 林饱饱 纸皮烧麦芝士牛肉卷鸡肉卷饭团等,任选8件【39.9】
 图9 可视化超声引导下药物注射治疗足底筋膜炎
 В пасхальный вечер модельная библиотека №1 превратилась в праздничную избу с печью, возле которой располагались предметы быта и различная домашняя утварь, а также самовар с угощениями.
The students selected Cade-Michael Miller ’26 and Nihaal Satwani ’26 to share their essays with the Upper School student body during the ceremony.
== == ==
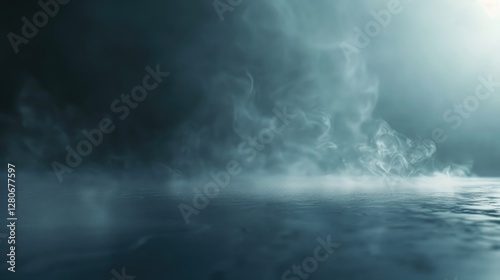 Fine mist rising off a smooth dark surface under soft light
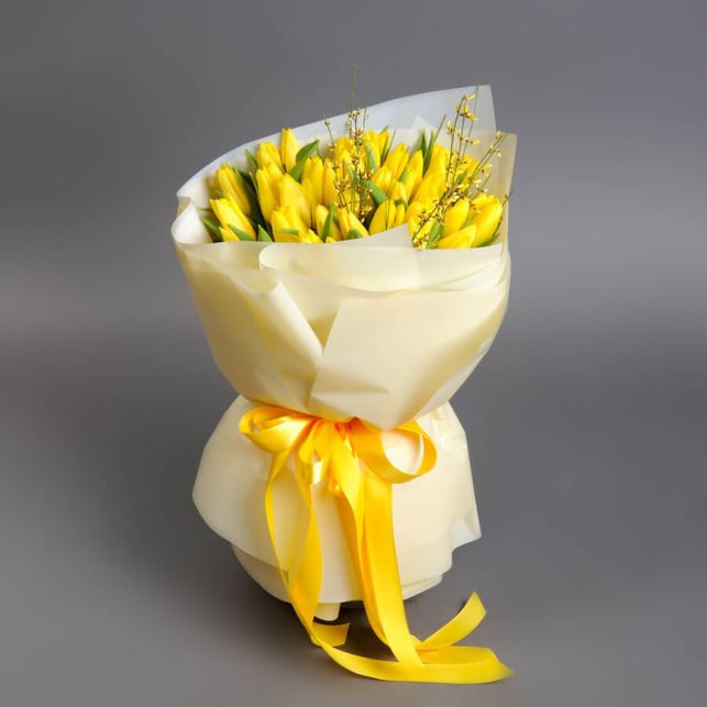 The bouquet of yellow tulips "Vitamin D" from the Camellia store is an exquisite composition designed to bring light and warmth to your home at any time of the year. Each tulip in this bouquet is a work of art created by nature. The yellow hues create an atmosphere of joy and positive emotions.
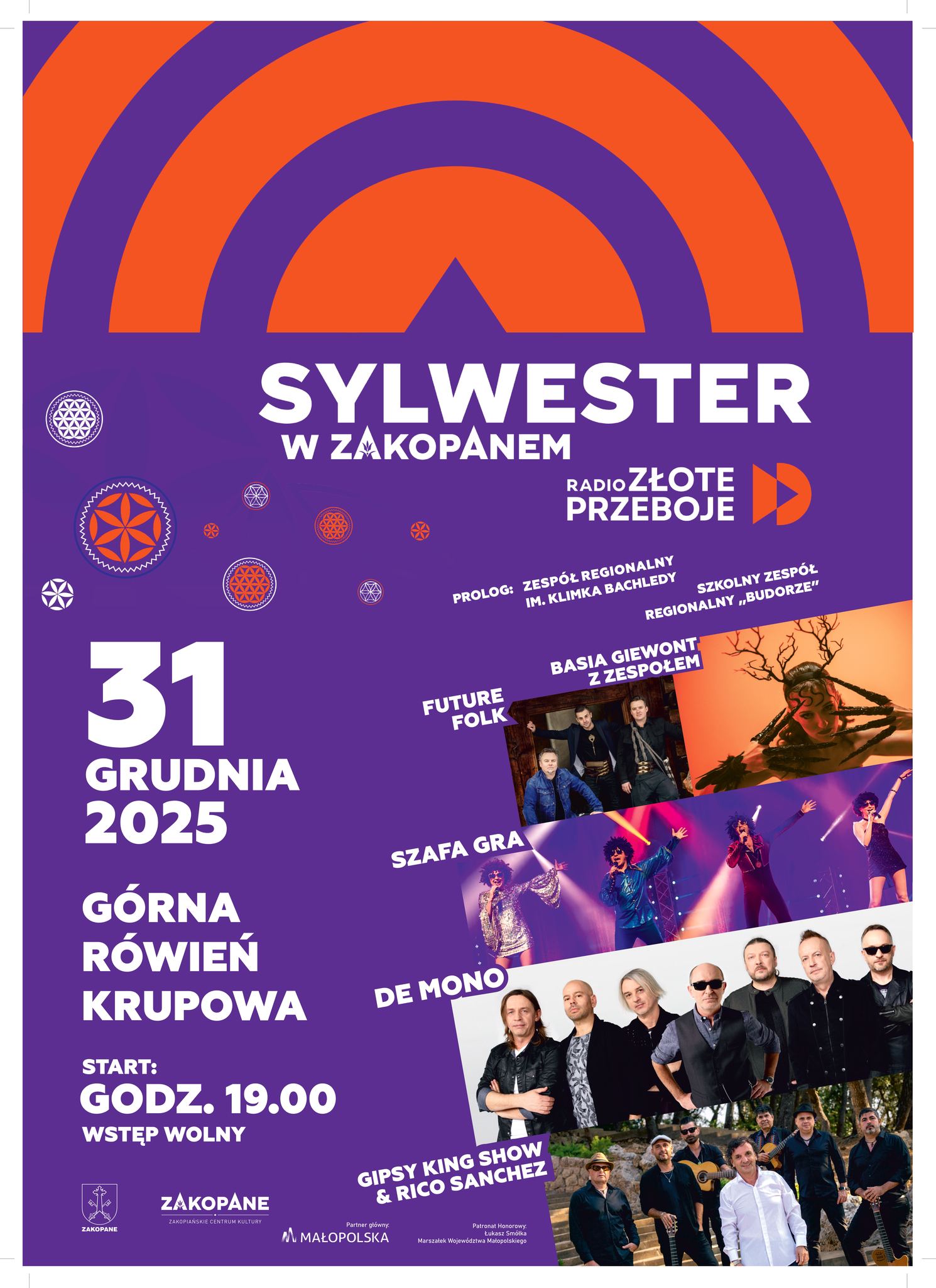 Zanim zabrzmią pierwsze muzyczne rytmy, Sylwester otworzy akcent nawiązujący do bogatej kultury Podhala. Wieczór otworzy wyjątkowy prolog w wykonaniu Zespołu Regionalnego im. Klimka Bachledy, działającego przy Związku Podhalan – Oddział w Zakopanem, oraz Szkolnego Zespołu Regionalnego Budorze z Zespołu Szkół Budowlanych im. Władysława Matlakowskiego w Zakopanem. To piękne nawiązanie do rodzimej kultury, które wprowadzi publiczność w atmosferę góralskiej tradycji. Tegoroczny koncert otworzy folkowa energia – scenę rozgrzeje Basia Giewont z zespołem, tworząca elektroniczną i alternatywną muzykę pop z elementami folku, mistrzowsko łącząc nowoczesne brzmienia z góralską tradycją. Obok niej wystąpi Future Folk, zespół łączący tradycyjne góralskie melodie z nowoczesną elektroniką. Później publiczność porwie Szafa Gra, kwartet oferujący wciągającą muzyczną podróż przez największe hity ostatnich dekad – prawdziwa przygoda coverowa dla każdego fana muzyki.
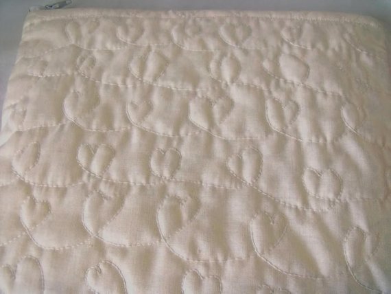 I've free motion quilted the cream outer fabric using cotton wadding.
== == ==
[Task brief] In the listing above, find the line with "Fine mist rising" and the line with "The bouquet of". Output both, plus every line between them, and no pictures.

[Response area]
 Fine mist rising off a smooth dark surface under soft light
 The bouquet of yellow tulips "Vitamin D" from the Camellia store is an exquisite composition designed to bring light and warmth to your home at any time of the year. Each tulip in this bouquet is a work of art created by nature. The yellow hues create an atmosphere of joy and positive emotions.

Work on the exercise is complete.